Je ne crois pas à la gloire dont nous avons paré les morts tombés pour nous sur nos champs de bataille, à la gloire de ces millions d’innocentes victimes baptisées par les survivants de morts au « champ d’honneur ». Car cette gloire, combien d’entre eux l’avaient volontairement cherchée et surtout désirée ? Nos champs d’honneur ne sont, hélas ! que des champs de carnage où nous avons donné libre cours à nos plus vils instincts. Bien qu’ancien combattant moi-même, je ne me suis jamais associé aux cérémonies officielles où les hommes d’Etat qui les lancèrent dans la guerre célèbrent leurs vertus qui n’eurent d’héroïque que leur passive obéissance à des ordres donnés par d’autres hommes, choisis pourtant par eux pour maintenir la paix. Aussi longtemps qu’à chaque anniversaire de leurs victoires, et parfois même de leurs défaites, nous abaisserons en grande pompe nos drapeaux sur leurs tombes, nos fils croiront, comme nous l’avons cru nous-même, qu’il est de leur devoir de préparer la guerre.

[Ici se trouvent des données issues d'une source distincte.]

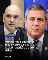O ministro do Supremo Tribunal Federal (STF) Alexandre de Moraes negou o pedido da defesa do general Walter Braga Netto para ter acesso a TV a cabo na cela onde cumpre pena no Comando da 1ª Divisão de Exército, em Brasília. A decisão é de terça-feira (10).
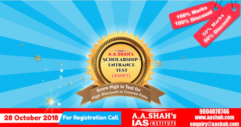 A A Shah’s IAS Institute invites applications for ASSET (A A Shah’s Scholarship-cum-Entrance Test) 2018.
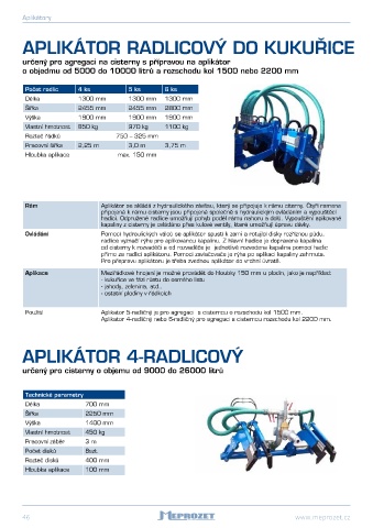Použití Aplikator 5-radličný je pro agregaci s cisternou o rozschodu kol 1500 mm.
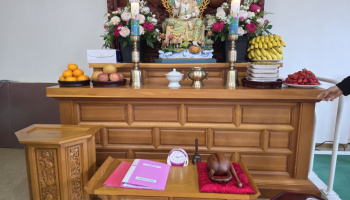 오늘은 3층 생활관에서 약사재일 기도를 진행하였습니다. 참석을 희망하시는 어르신들은 한자리에 모여 조용히 기도를 하셨습니다.
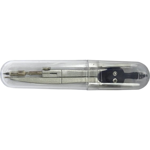 Cyrkiel metalowy, jednoelementowy w plastikowym, owalnym etui.

Au train dont se poursuivent, depuis plus d’un demi siècle, nos kermesses du souvenir, le calendrier n’y suffira bientôt plus, Pas un jour ne se passe sans qu’à la radio comme à la télévision on ne célèbre, et plutôt ’trois fois qu’une, matin, midi et soir, leurs plus humbles faits d’armes, sans qu’on ne commémore le centenaire, voire le cinquantenaire de la naissance ou de la mort de quelque illustre général ou maréchal décédé dans son lit, le tout accompagné d’un déploiement de force armée que l’Eglise bénit et d’ostentatoires remises de décorations à des héros futurs ou parfois oubliés au cours de précédentes distributions. C’est une intoxication continue, un perpétuel conditionnement des esprits auquel nul ne saurait échapper, pas plus les enfants que les hommes ou que ces mères à venir des soldats de demain qui défilent, elles aussi, en tenue de majorettes et battant la mesure au pas cadencé, dans les cérémonies de nos moindres villages. Une-deux, une-deux ; sonnez, clairons ; battez, tambours, pour tous ces morts dont pas un n’aura joui de cette gloire qu’ils n’avalent pas voulue et qu’on réserve aujourd’hui à leurs cendres.

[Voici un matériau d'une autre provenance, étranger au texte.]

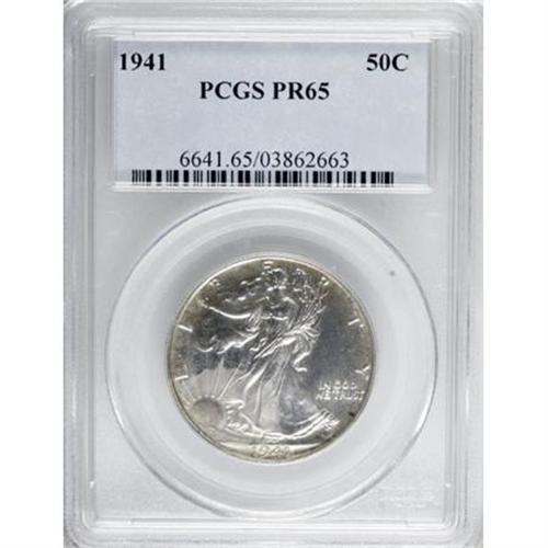 <B>1941 50C PR65 PCGS.</B></I> PCGS Population (1324/1156). NGC Census: (751/1299). Mintage: 15,412. Numismedia Wsl. Price for NGC/PCGS coin in PR65: $640. (#6641)<BR><BR><B>Coin Engraver:</B> Adolph A. Weinman<BR><BR><b>Shipping:</b> Coins & Currency (<a target="_blank" href="http://www.heritageauctions.com/common/shipping.php">view shipping information</a>\)

Que l’homme ait toujours fait la guerre ; que, pour survivre, il ait toujours tué pour arracher à d’autres leur butin ou défendre contre eux le fruit de ses rapines, ne saurait justifier nos guerres d’à présent où vainqueurs et vaincus s’acharnent à détruire l’abondance créée par leur travail et leurs découvertes, cette abondance, qu’après l’avoir longtemps niée, ils se refusent à partager avec leurs frères.

La guerre n’a jamais eu de sublime que l’inconséquence et l’imbécilité des hommes qui la préparent et qui la font. Ils l’on faite jadis dans le stupide espoir de s’enrichir au préjudice de l’adversaire ; ils la font aujourd’hui avec la certitude de s’appauvrir. Car, devant l’effroyable efficacité de nos armes de guerre, jamais plus une nation vaincue ne sera capable d’acquitter la plus faible partie des dommages réclamés par le vainqueur sur des chiffons de papier, dont les signataires savent d’avance qu’ils n’honoreront pas leurs signatures.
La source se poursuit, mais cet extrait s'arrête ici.